You may argue that this syntax is silly, but it has one good point about it: it works. This was never possible in C++ before.

No, from every other language than C++ and Java. Every other language with exceptions took a way of unchecked exceptions. And there is really no problem with that. Unchecked exceptions are perfectly ok, as long as you use them for the purpose exceptions has been created for - for exceptional, rare cases.


You are probably right that there may not exist anything better than unchecked exceptions, however a couple of things needs to be noted.

1. The fact that no-one yet knows how to implement compile-time checked static exceptions that work doesn't mean that it is impossible, and I guess it is worth trying. This is how programming languages evolve and get better.
2. I think anyone would agree that compile-time-checked exceptions are useful if we found a way to eliminate problems they cause. So again, it is worth the effort to look for the solution.
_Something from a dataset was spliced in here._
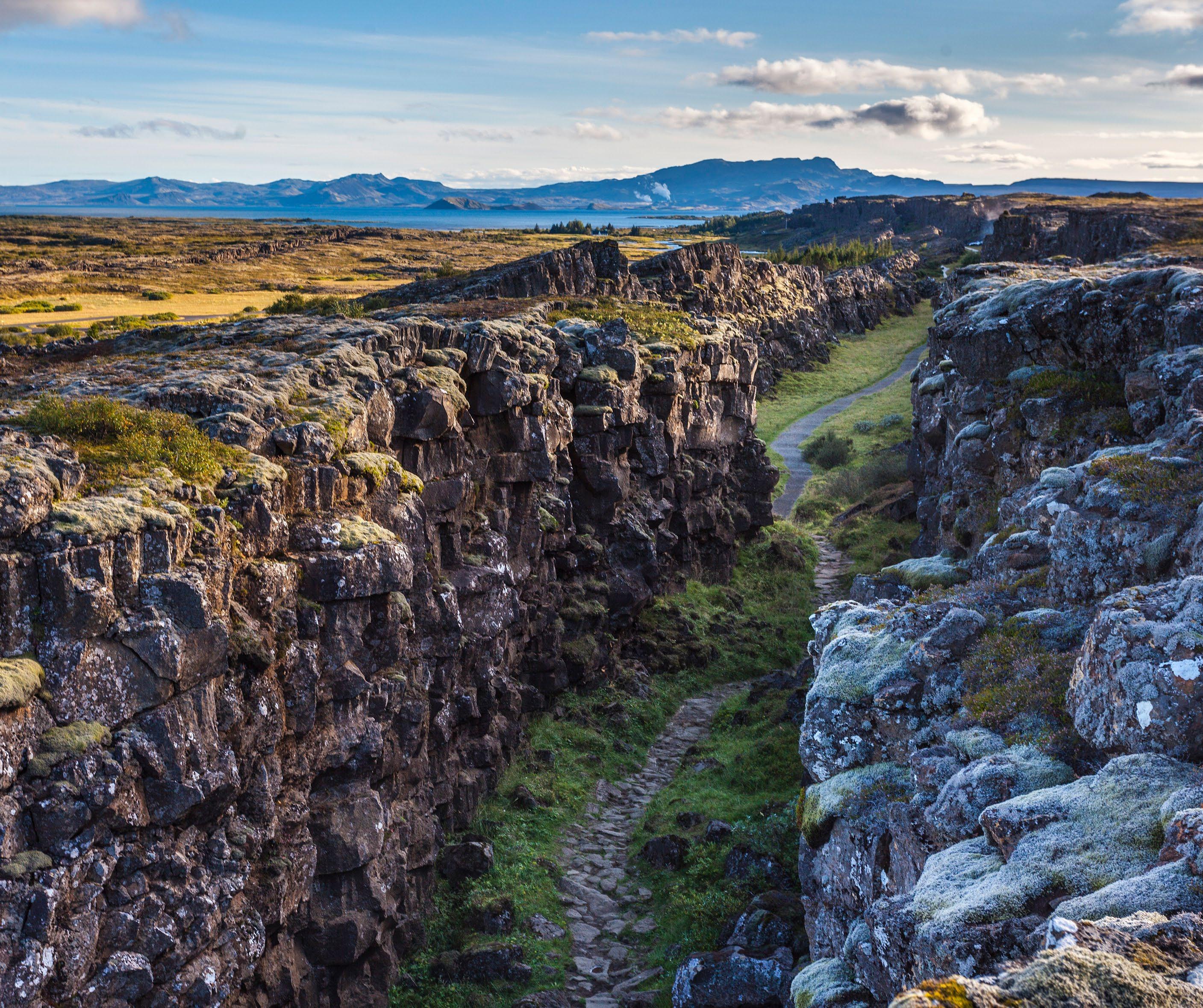 Los mágicos paisajes de Þingvellir se forman en el entorno geográfico único de un valle del rift en la división entre las placas continentales norteamericana y euroasiática. Los campos de lava de Þingvellir son destrozados por fuerzas tectónicas, dejando admirables desfiladeros y fisuras. El más impresionante de ellos, Almannagjá, es el punto central del parque nacional. Una ruta de senderismo

C++ is known for experimenting. This experimenting sometimes revolutionizes computer programming (this is the case of STL, or intorducing throw-try-catch syntax for exception handling into the mainstream) and sometimes ends in failure (like exported templates, dynamic exception specifications) but in the end it look like the best approach to make progress in the long run.

Regards,
&rzej
Thanks for explanation. The conditional noexcept is a nice thing, albeit I don't like the additional syntactical complexity it requires.